Because of its scenes of intensely sadistic graphic violence, the movie was extremely controversial upon its release, and remains banned in several countries to this day. It is widely regarded as one of the most disturbing films ever made. Pasolini was killed shortly before Salò was released.
Production
Salò transposes the setting of De Sade's book from 18th century France to the last days of Mussolini's regime in the Republic of Salò. However, despite the horrors that it shows (rape, torture, and mutilation), it can barely touch the perversions listed in the book, which include extensive sexual and physical abuse of children.
While the book provides the most important foundations of Salò, the events in the movie draw as much on Pasolini's own life as on de Sade's novel. Pasolini spent part of his early twenties in the Republic of Salò. During this time he witnessed a great many cruelties on the part of the Fascist collaborationist forces of the Salò Republic. Pasolini’s life followed a strange course of early experimentation and constant struggle. Growing up in Bologna and Friuli, Pasolini was introduced to a great many leftist examples in mass culture from an early age. He began writing at age seven, heavily under the influence of French poet Arthur Rimbaud. His writing quickly began to incorporate certain aspects of his personal life, mainly dealing with constant familial struggles and moving from city to city.
After studying major literary giants in high school, Pasolini enrolled in the University of Bologna for further education. Many of his memories of the experience led to the conceptualization of Salò. He also claimed that the film was highly symbolic and metaphorical; for instance, that the coprophagia scenes were an indictment of mass-produced foods, which he labeled "useless refuse."

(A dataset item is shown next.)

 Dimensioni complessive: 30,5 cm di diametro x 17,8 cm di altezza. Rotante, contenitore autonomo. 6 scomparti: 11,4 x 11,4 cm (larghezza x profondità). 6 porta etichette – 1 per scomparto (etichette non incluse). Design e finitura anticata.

Although his career, in both film and literature, was highly prolific and far-reaching, Pasolini dealt with some major constants within his work. His first published novel in 1955 dealt with the concept of pimps and scandals within a world of prostitution. The reception of this first novel, titled Ragazzi di vita, created much scandal and brought about subsequent charges of obscenity.
One of his first major films, Accattone (1961), dealt with similar issues and was also received by an unwelcoming audience, who demanded harsher codes of censorship. It is hard to quickly sum up the vast amount of work which Pasolini created throughout his lifetime, but it becomes clear that so much of it focused around a very personal attachment to subject matter, as well as overt sexual undertones.
Plot and themes
Salò (the film's common abbreviation) occurs in the Republic of Salò, the Fascist rump state established in the Nazi-occupied portion of Italy in 1944. The story is in four segments loosely parallel to Dante's Inferno: the Anteinferno, the Circle of Manias, the Circle of Feces, and the Circle of Blood.

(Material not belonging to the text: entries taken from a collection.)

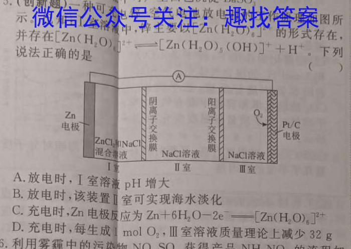 5.飞瓶5.(创新题)一种可充电锌-空气电池放电时的工作原理如图所示。已知:I室符液中,锌主要以[Zn(H,O,的形式存在,[Zn(H2O)6]并存在[Zn(H,.[Zn(H2O)[Zn(H2O)5(OH)]^++H^+。说法正确的是,下列()A.放电时,I室溶液pH增大B.放电时,该装置室可实现海水淡化C.充电时,电极反应为Zn+6H2O-2e^-[Zn(H2O)6]^2+D.充电时,每生成1molO2,Ⅲ室溶液质量理论上减少32g
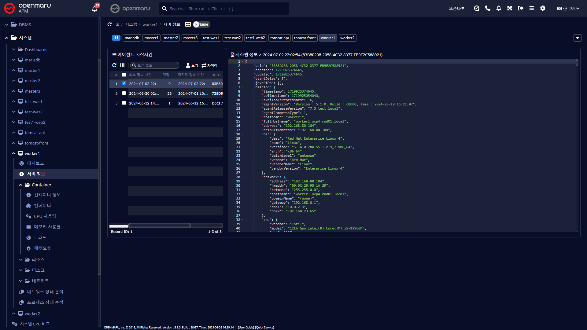 시스템 상태 모니터링 항목은 별도로 설치되는 System Agent를 통해 수집한다. 시스템의 CPU, Memory, Disk, Network 상태를 모니터링하여 정보를 그래프로 표시한다.
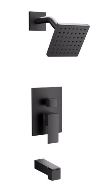 TASORO®Block Tub Shower Set w th square heads n matteblack
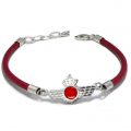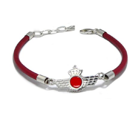 Pulsera emblema ejército aire en plata con esmalte al fuego y cuero rojo 3 mm.
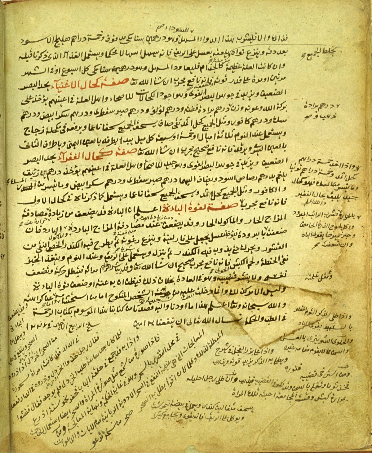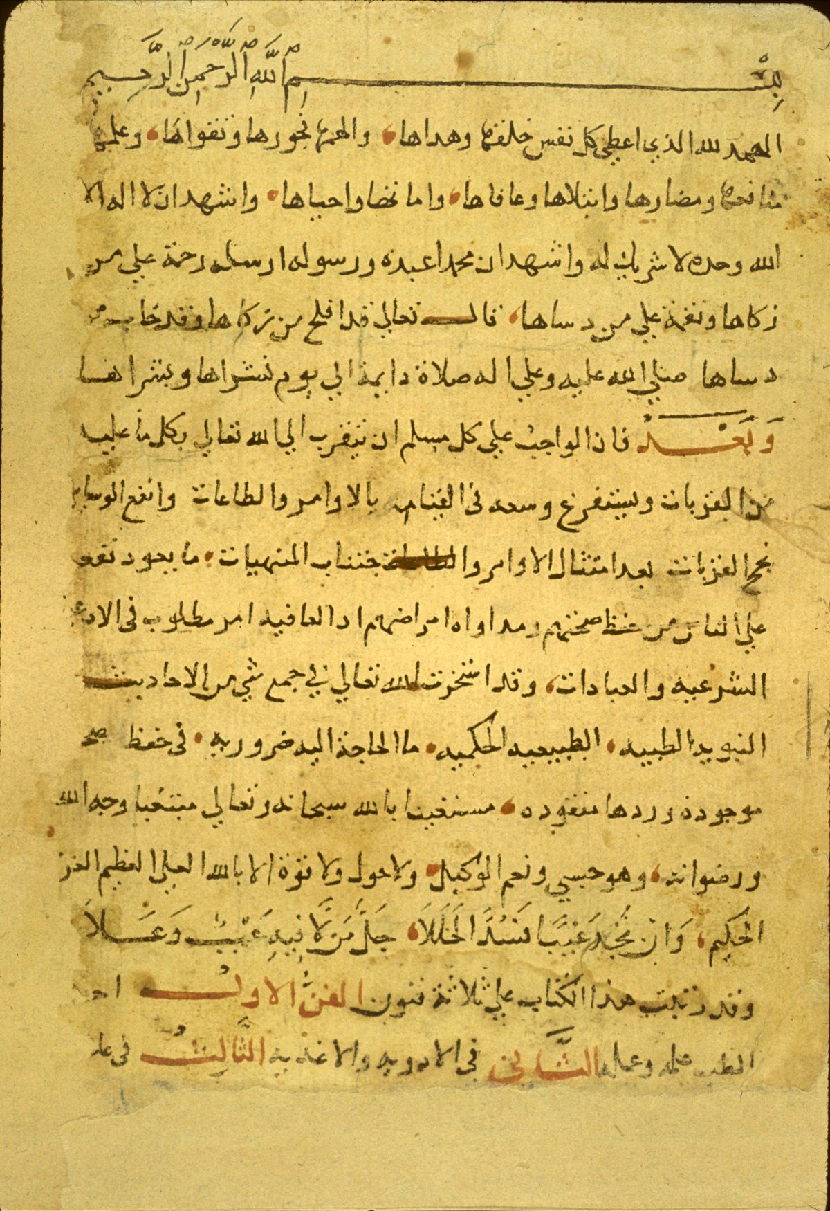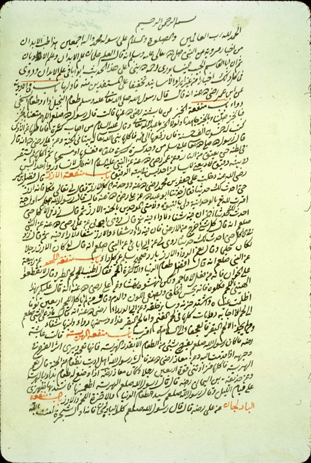 The opening page of a treatise on Prophetic Medicine as it relates to foods and spices by Abū al-Qāsim al-ḥabīb al-Naysābūrī (fl. 1750). It is the only recorded copy this treatise titled Fi manāfi‘ al-aṭ‘imah bi-l-aḥādīth. The copy was completed in the month of Jumadá I 1206 (= 27 December 1791 to 25 January 1792) by the scribe Yūsuf al-Rasanāwī ibn Ismā‘īl, who copied it for Mahmud Efendi in Constantinople.
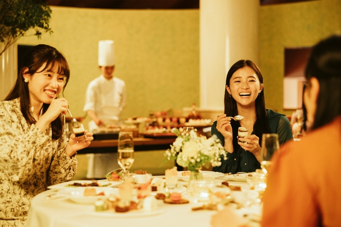 夕食は、少しフォーマルにフレンチディナーを楽しむことができます。シェフが、目の前でフランベをしてくれたり、料理の仕上げを見ることができたりなど、料理の香りや音も堪能できるディナーです。卒業のお祝いとして、少し贅沢で、特別な時間を仲間と楽しむことができます。
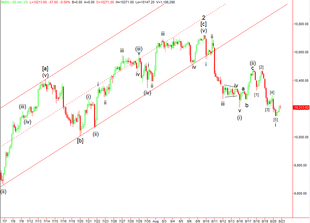 Friday’s fall removed any doubt that wave (ii) might be trying for some form of complex correction. Although by Thursday’s close the only reason to still suspect the possibility was the extremely deep wave [2] correction and the markets tendency to create confusing second wave action for over a year now. Friday’s action has left us with what appears to be a clear 5-wave movement down from the 10,719 high on August 19th. Seeing 5 waves down tells us that this is now the direction of trend. The hourly chart of the dow shows the five waves down in (i) as the dow fell out of the upward channel we had been tracking.

Four men of power, the Duke (Duc de Blangis), the Bishop, the Magistrate (Curval), and the President agree to marry each other's daughters as the first step in a debauched ritual. With the aid of several collaborator young men, they kidnap eighteen young men and women (nine of each sex), and take them to a palace near Marzabotto. Accompanying them are four middle-aged prostitutes, also collaborators, whose function in the debauchery will be to recount erotically arousing stories for the men of power, and who, in turn, will sadistically exploit their victims.
The story depicts the many days at the palace, during which the four men of power devise increasingly abhorrent tortures and humiliations for their own pleasure. A most infamous scene, shows a young woman forced to eat the feces of the Duke; later, the other victims are presented a giant meal of human feces. At story's end, the victims who chose to not collaborate with their fascist tormentors are gruesomely murdered: scalping, branding, tongue and eyes cut out; (see Franco Merli). The viewer is distanced from the grossest tortures, because they are viewed through binoculars. The story's final scene — two young, macho soldiers dancing a waltz, together — embodies Pasolini's vision of life and death: unflinching, dispassionate, yet, humane and (paradoxically) impassioned.
The film's treatment of sexuality
A persistent theme in Salò is the degradation and modification of the human body. Throughout the story, the human body is reduced to something of lesser value than a person, for example, never does a sexual encounter occur in private.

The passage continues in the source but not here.